The UK is leading the way in holding financial firms responsible and accountable for their operational resiliency.
“Financial market infrastructure firms are becoming increasingly dependent on third-party technology providers for services that could impact the financial stability of the UK if they were to fail or experience disruption,” said UK Deputy Governor for Financial Stability John Cunliffe in a joint announcement made by Bank of England, Prudential Regulation Authority (PRA) and Financial Conduct Authority (FCA) describing potential resilience measures for critical third-party services.
One of the keystone requirements: Regulators have instructed financial firms to meet operational resilience requirements, inserting governmental oversight into what used to be internal decision-making. So long as the results meet the required minimum level of operational resilience, CIOs are able to choose from scenarios that best suit their needs. Hybrid cloud (operating an additional physical data center to supplement their primary cloud infrastructure) and multicloud (running on multiple cloud provider platforms) are two of the options for satisfying these requirements.
Similarly, the European Union’s Digital Operational Resilience Act (DORA) seeks to establish technical requirements that ensure operational resilience in the face of critical service failures. As such, it is expected to apply to all digital service providers, including cloud service providers, search engines, e-commerce platforms and online marketplaces, regardless of whether they are based within or outside the EU. DORA entered into force in January 2023; with an implementation period of two years, financial entities will be expected to be compliant with the regulation by early 2025.
Ultimately, the full impact of GCP’s europe-west9 region outage will depend on the severity of the outage, its duration and the impact on critical services and data. Time will tell. But no matter what the fallout from this particular region failure, it is vivid validation of the reality that, while serious cloud provider outages are uncommon, they are also basically inevitable.
Operational resilience used to be viewed as part of business continuity planning, to be handled privately by individual companies.

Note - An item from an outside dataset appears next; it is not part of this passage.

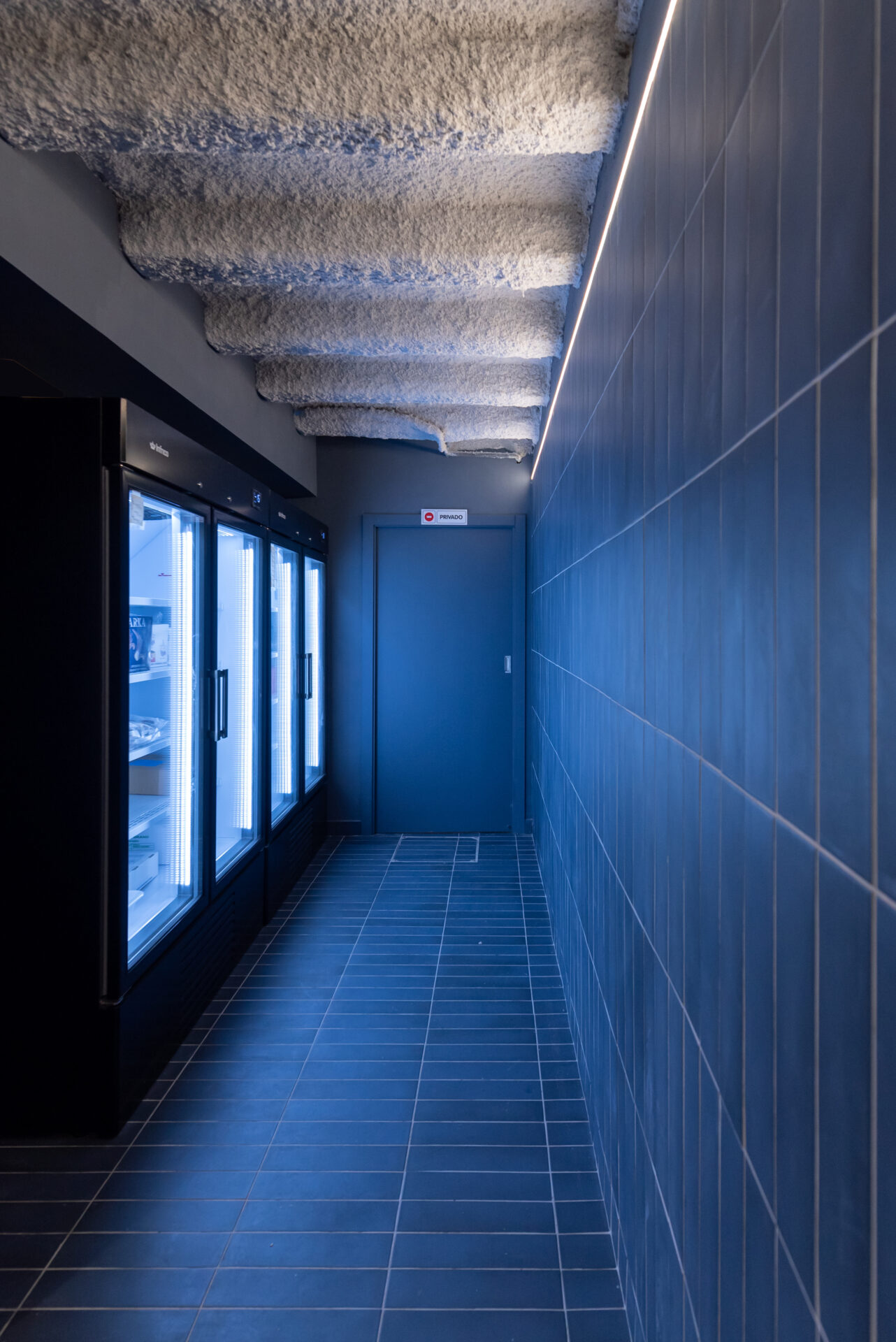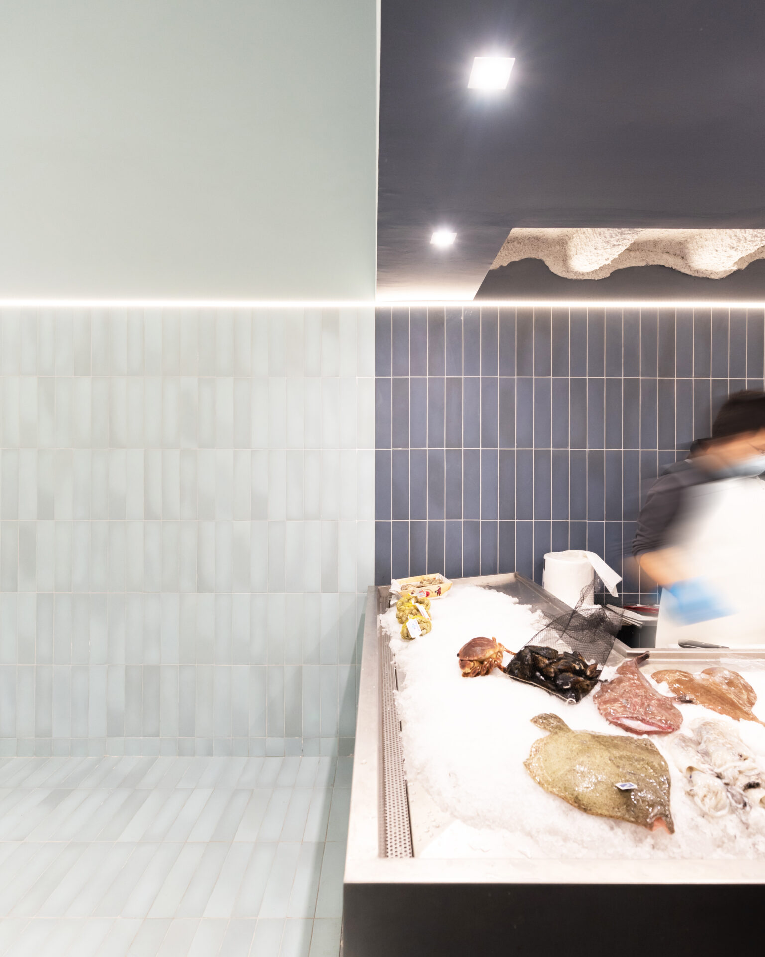 La idea de las dos cajas se enfatiza también en la materialidad. La caja de acceso se reviste con cerámica rectangular en un azul claro que se eleva desde el suelo hasta el techo, mientras que la caja posterior adopta un azul oscuro del mismo formato. Este contraste cromático simboliza la profundidad del mar: desde la superficie más luminosa hacia un interior más profundo e intenso.

The time is coming, and maybe sooner than we think, when legislators and regulators will act to standardize the way individual companies approach operational resilience, all in the name of public good. Organizations need to start re-evaluating their tech infrastructure to ensure operational resilience is hardwired into their application architecture. If the countless cloud outages that have occurred over the years have taught us anything, it’s that this should no longer be a consideration, but a requirement.
Postscript: 36 hours after the initial outage and incident report, details are beginning to emerge. Apparently, a cooling system water pump failure caused water to accumulate and leak. That in turn is said to have flooded the data center’s battery room and caused a fire. It’s not immediately clear whether the data center’s fire suppression system then caused the “water incident” that took the entire europe-west9 region offline yesterday, or the actions of firefighters to contain the blaze. It looks like GPC now has two out of three zones back up, but europe-west9a is out for the foreseeable future.